Screening of Plaintiff's Verified Complaint
A.
Plaintiff's Allegations
Plaintiff
seeks $50 million in damages against nineteen defendants for
conduct that allegedly occurred at High Desert State Prison
(HDSP) during plaintiff's incarceration there.
Plaintiff
initially alleges that, after reporting the sexual misconduct
of a correctional officer, plaintiff was accused of being a
snitch by correctional staff and inmates alike, and feared
for his safety. On March 14, 2014, plaintiff was charged with
the manufacture of a deadly weapon and moved to the
Administrative Segregation Unit (ASU). Although found guilty
of the charge, the committee concluded that plaintiff
"was never actually in Possession of a Weapon."
See ECF No. 1 at 20. Plaintiff alleges that while he
was housed in the ASU, correctional staff contaminated his
food with semen and excrement.
Plaintiff
was released from the ASU, and returned to the general
population, in July 2014. In October 2014, a correctional
officer told other inmates that plaintiff was, among other
things, homosexual and a child molester. Id. at 8.
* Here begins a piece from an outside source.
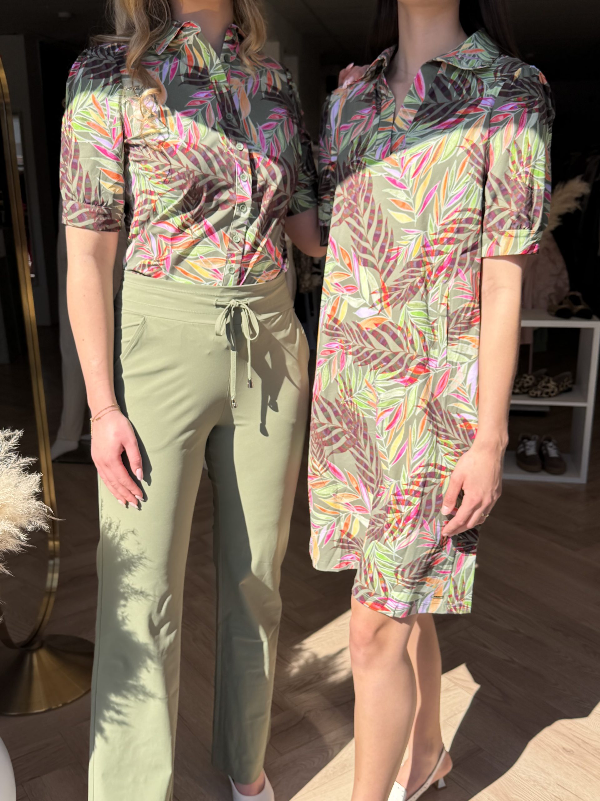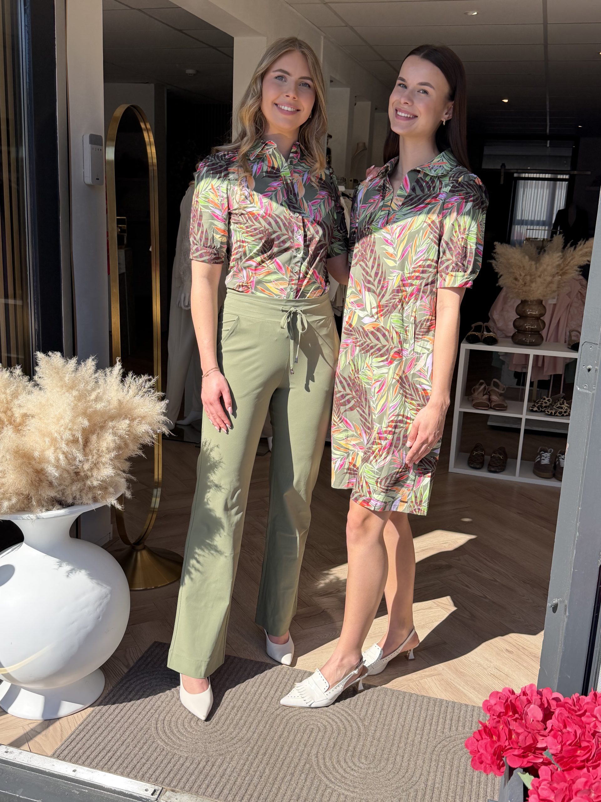 Mi Piace – Polo Dress Pencil Branches Print – Olive

Plaintiff was ostracized by other inmates and again felt that
his safety was in danger. On October 17, 2014, plaintiff was
"assaulted by an inmate at the order of custody
members." Id. Plaintiff was placed in a holding
cage, where he heard correctional staff talking about him,
including one staff member "conversing about
petitioner's family and how he obtained petitioner's
juvenile and medical records." Id. at 9. On
November 17, 2014, plaintiff heard one inmate state to
another, "Ain't y'all suppose to be stabbing him
today?" Id. Due to fear for his safety,
plaintiff refused to come out of his cell for thirty days and
wrote to the superior court.
On
November 27, 2014, plaintiff overheard a correctional officer
telling one of plaintiff's psychiatrists confidential
information about plaintiff. Id. at 10. Correctional
staff were rude to plaintiff and made threatening statements.
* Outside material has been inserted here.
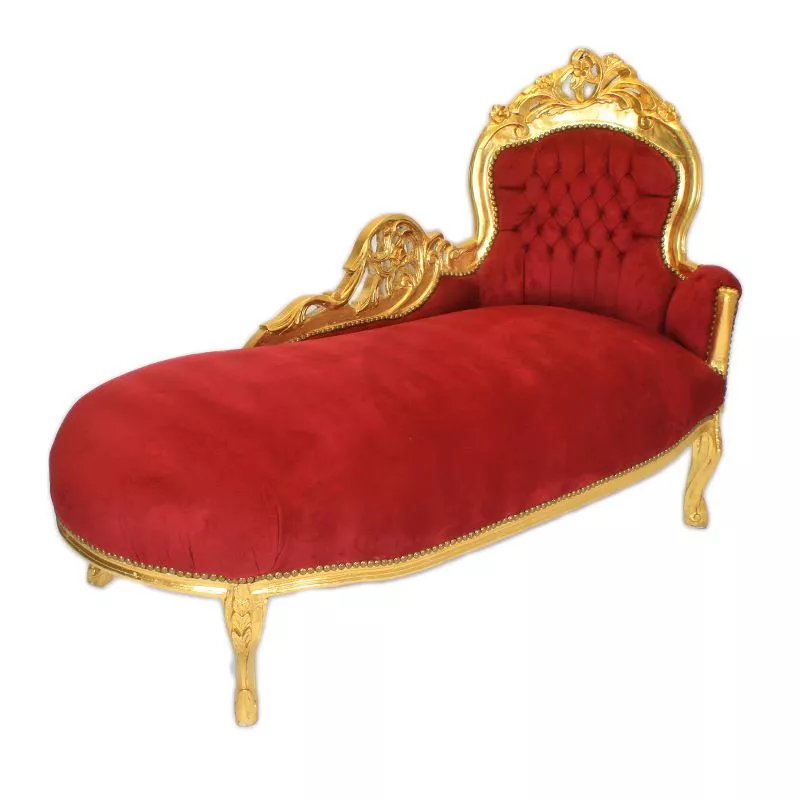 LuxurisesChaiselong mit gold Rahmen und einem hochwertigen, bequemen Polster in Stoff bordeauxe. Handarbeit aus massiven, robusten Buchenholz im typischen Barockstil. Mae: Hhe ca. 160 cm, Breite ca.70 cm, hhe 100 ca. Sitzhhe 55 cm

Id. at 10-1. Witnessing correctional staff failed to
intervene. Id. at 12.
Plaintiff
alleges that his attempts to submit administrative grievances
were thwarted by prison officials in November and December
2014. Id. at 10-1. In addition, correctional staff
failed to process plaintiff's outgoing mail. Id.
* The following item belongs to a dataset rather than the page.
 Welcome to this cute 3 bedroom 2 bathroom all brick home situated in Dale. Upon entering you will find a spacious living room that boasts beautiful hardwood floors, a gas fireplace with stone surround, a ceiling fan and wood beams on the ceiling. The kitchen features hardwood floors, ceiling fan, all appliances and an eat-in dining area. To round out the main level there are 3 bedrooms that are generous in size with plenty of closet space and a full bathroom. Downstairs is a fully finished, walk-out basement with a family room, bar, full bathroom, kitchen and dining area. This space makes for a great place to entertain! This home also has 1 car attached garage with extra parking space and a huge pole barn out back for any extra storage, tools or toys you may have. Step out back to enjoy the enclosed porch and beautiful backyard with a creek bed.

at 11. On the form portion of his complaint, plaintiff states
that he did not exhaust the grievance process. Id.
at 2.
In
January and February 2015, plaintiff received
"tainted" food, which included a correctional
officer's saliva. Id. at 12. On June 30, 2015,
following a committee hearing, plaintiff's psychiatrist
questioned committee members about their harassment of
plaintiff, asking "When are you guys going to stop
messing with him?" One officer reportedly responded,
"Everything will be over when he gets stabbed. We've
been talking to some of the guys so things will be over with
soon." Id. at 13.
On July
1, 2015, plaintiff was attacked by two inmates and sustained
facial injuries (bruises, not lacerations). See id.
at 13-4, 36-7. Plaintiff alleges that custody staff watched
the attack and allowed it to proceed for about three minutes
before intervening. At the infirmary, a nurse reportedly told
plaintiff: "See what we made happen? See how we do? This
is what happens when you [mess] with us, this is how High
Desert does it." Id. at 13. Plaintiff was taken
to the hospital where custody staff shared a picture of
plaintiff's swollen face and said, "Look what we did
to Johnson." Id. After his return to HDSP,
correctional staff failed to seriously consider
plaintiff's safety fears. Id. at 13-4.
On July
6, 2015, plaintiff's evening meal included an
"unknown substance" that made him very ill.
Plaintiff heard correctional staff express concern that the
"substance" was not supposed to make plaintiff die,
which plaintiff construes as an admission that staff placed
the substance in his food. Id. at 14.
Finally,
plaintiff alleges that "some time in February of 2016,
petitioner received reports from an internal affairs
investigation at High Desert State Prison." Id.
at 14.
B.
Legal Standards for Screening Prisoner Civil Rights
Complaint
The
court must dismiss a complaint or portion thereof if the
prisoner has raised claims that are legally "frivolous
or malicious, " that fail to state a claim upon which
relief may be granted, or that seek monetary relief from a
defendant who is immune from such relief. 28 U.S.C. §
1915A(b)(1), (2). A claim is legally frivolous when it lacks
an arguable basis either in law or in fact. Neitzke v.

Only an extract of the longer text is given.